However, you must realize that ANYONE can call your web service. As such the
very first thing you should add to your web service is a subroutine to validate
the credentials of the calling user. In my case I created an enterprise
resource field that holds a short list of application specific user roles. My
validation routine simply tries to find the appropriate value for this field in
the dsResource dataset. If the user isn’t in the dataset or doesn’t have the
correct value in this field, I log an application specific error in the
security log and return a status of ‘Failure’ to the caller.

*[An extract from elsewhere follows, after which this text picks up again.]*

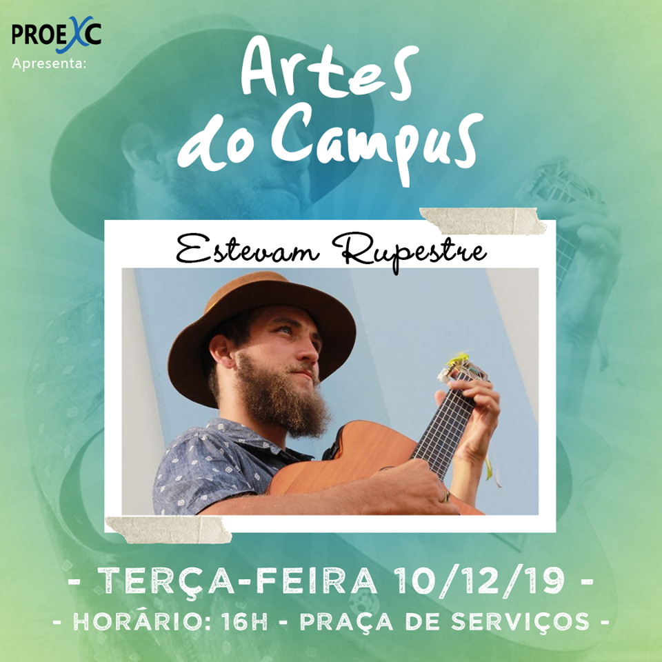 O músico e compositor Estevam Rupestre é a próxima atração da ação cultural Artes do Campus. A ação é promovida pela Diretoria de Cultura da Pró-Reitoria de Extensão e Cultura. O projeto objetiva promover a produção artística e cultural no campus universitário.

I hope this helps you through the knot hole…

Bob Segrest

 

[Bryant Likes]

The user you're calling the service as must be added to Project Server under
Server Settings -> Manage Users.

I just ran the project as a non-user and got the 401 error. After I added
the user as a project user then I could make the call.

 

[Bryant Likes]

It took me two man weeks last summer to get to where you are. All I can do
is

confirm that it will not work as written. And, I will forgo a personal tirade
on my opinions about how this may have happened.

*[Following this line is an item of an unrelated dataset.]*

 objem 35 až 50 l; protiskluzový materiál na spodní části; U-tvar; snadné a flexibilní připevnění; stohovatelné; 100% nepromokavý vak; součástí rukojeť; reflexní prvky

The bottom line is that you must pass a valid set of credentials when you call
any PSI method. If you call Microsoft support, they are going to tell you to
use impersonation. BUT, in order to use impersonation you have to set up a
proxy and you are still going to have this problem…

Hmmm.. I'm not sure I'm following. It seems to work for me as long as the
calling user is setup in Project Server. Impersonation is on by default (I
believe).

Are you trying to expose the service outside the domain?

 

[Heiner Eichmann]

The user you're calling the service as must be added to Project Server under

Server Settings -> Manage Users.

Hi Bryant,

thnks for you response. The user who makes the calls is already added to
Project server. As I wrote: the client is allowed to make PSI calls. In other
words: If I call from the same client logged in with the same user any PSI
web service from Project Server, the call succeeds. Just the call from the
PSI extension to Project Server fails.

Obviously this sample works on some installations but doen't on others.
Questions: Did you use a basic or a farm installation? Under which user
account is your Microsoft Office service running?

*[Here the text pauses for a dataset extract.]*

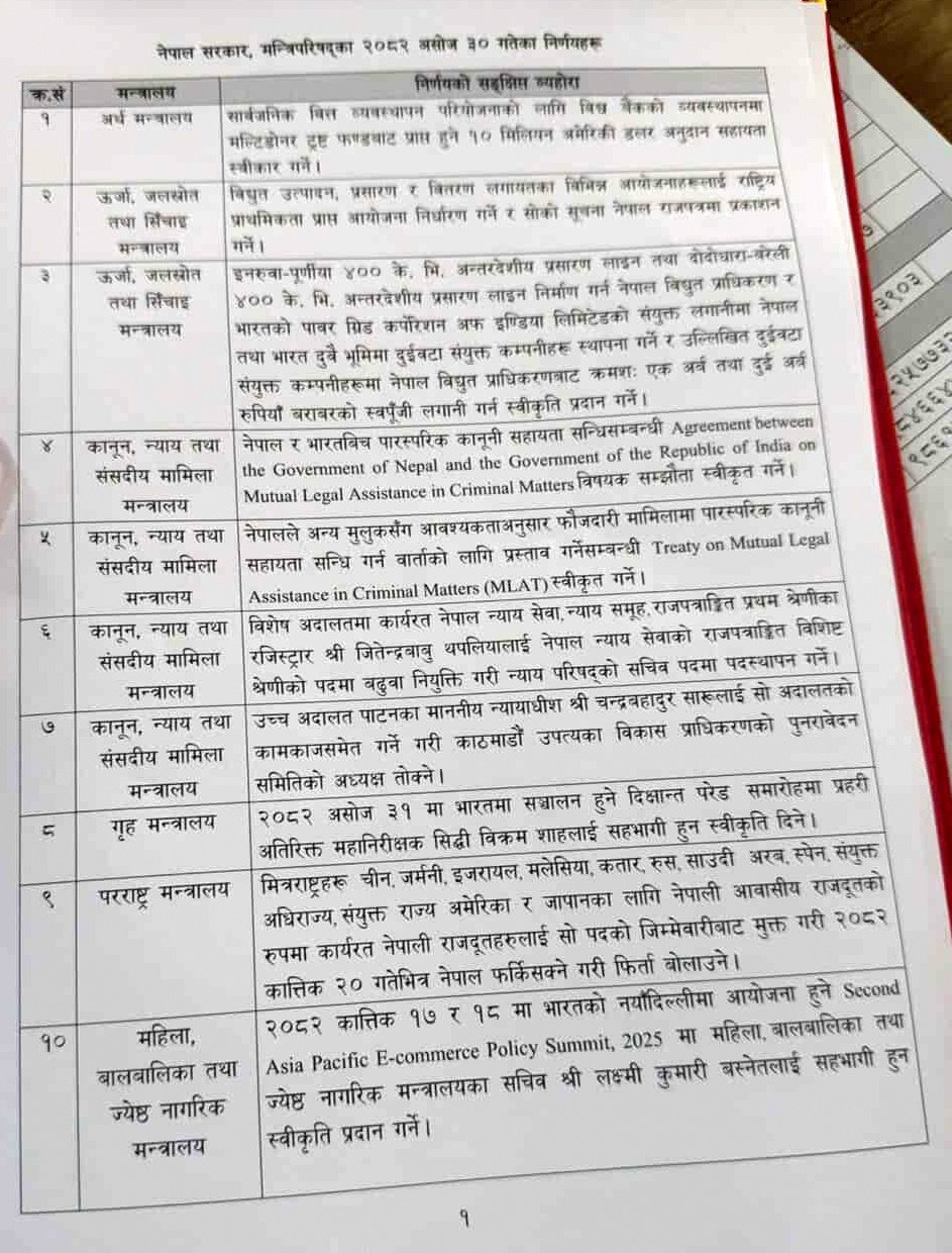 काठमाडौ । बिहीबार बसेको मन्त्रिपरिषद् बैठकले गरेका २० वटा निर्णय सार्वजनिक गरिएको छ।

Thanks again and best regards,


Heiner

 

[Heiner Eichmann]

Hi Bob,

thanks for your reply. This is what I've don so far but my hope was, that I
could pass the credentails behind the curtain. The hello world example
states, that it is possible and the fact, that the sample seems to work on
some installation implies, that there must be a knob to make it work.

Furthermore: If you deploy a similar dll as an ordinary web service (NOT a
PSI extension) and if you set

<identity impersonate="true"/>

in the web.config of this web service, the "behind the curtain" passing of
the credentials from the client through the dll to the Project Server works!
Unfortunately just setting this in the web.config of the PSI does not help.
There must be something elseI've missed so far...

Thanks again and best regards,


Heiner

 

[Guest]

Hello Heiner,

If you find the magic switch be sure to post it here. I would be very
interested in hearing the details.

Bob Segrest

 

[Bryant Likes]

Obviously this sample works on some installations but doen't on others.

Questions: Did you use a basic or a farm installation? Under which user
account is your Microsoft Office service running?

I tested it on a basic installation. Maybe that is the issue?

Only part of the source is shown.